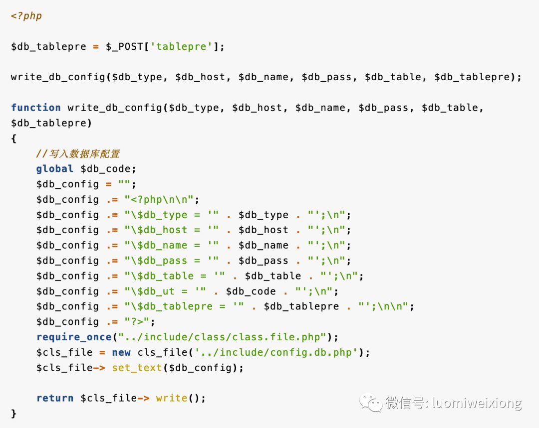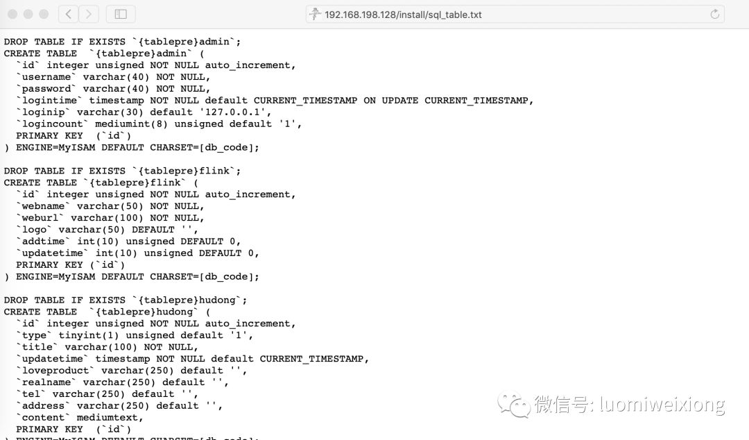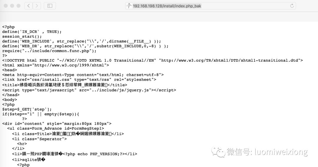 由于安装文件一般是漏洞的重灾地,于是这里直接跳到了安装文件,果然找到了漏洞点。
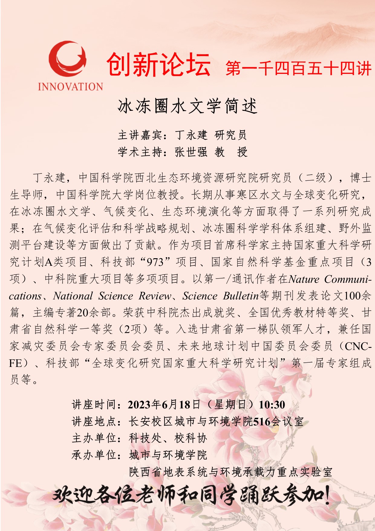 丁永建 研究员 bat365正版唯一官网创新论坛第一千四百五十四讲:冰冻圈水文学简述 讲座时间 2023年6月18日(星期日)10:30 讲座地点 长安校区城市与环境学院516会议室 讲座人介绍 丁永建 研究员 讲座内容
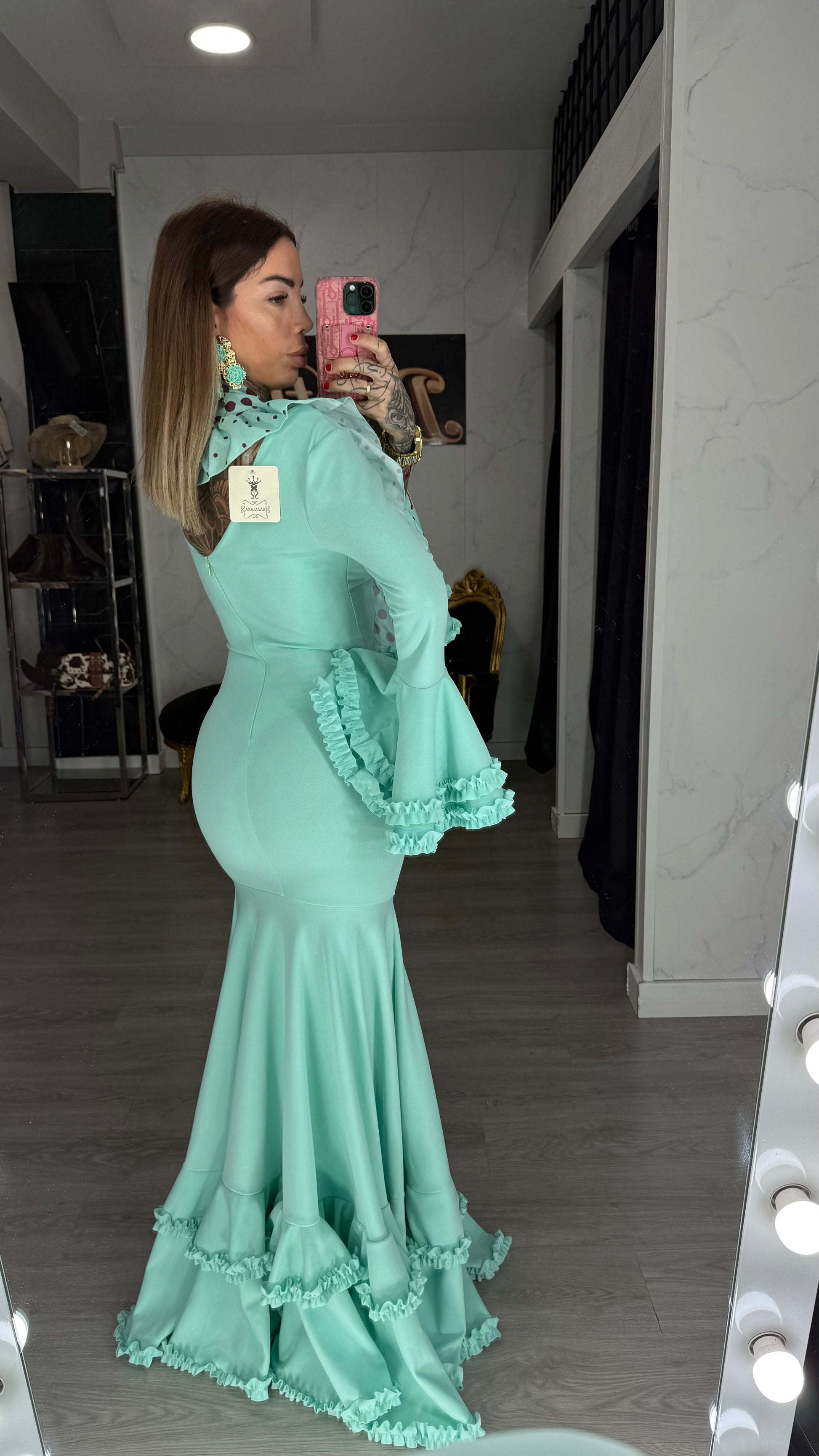 Vestido y pañuelo turquesa

[Exercise brief]: Write out everything in the data word for word. Omit each picture.

[Answer section]:
 由于安装文件一般是漏洞的重灾地,于是这里直接跳到了安装文件,果然找到了漏洞点。
 丁永建 研究员 bat365正版唯一官网创新论坛第一千四百五十四讲:冰冻圈水文学简述 讲座时间 2023年6月18日(星期日)10:30 讲座地点 长安校区城市与环境学院516会议室 讲座人介绍 丁永建 研究员 讲座内容
 Vestido y pañuelo turquesa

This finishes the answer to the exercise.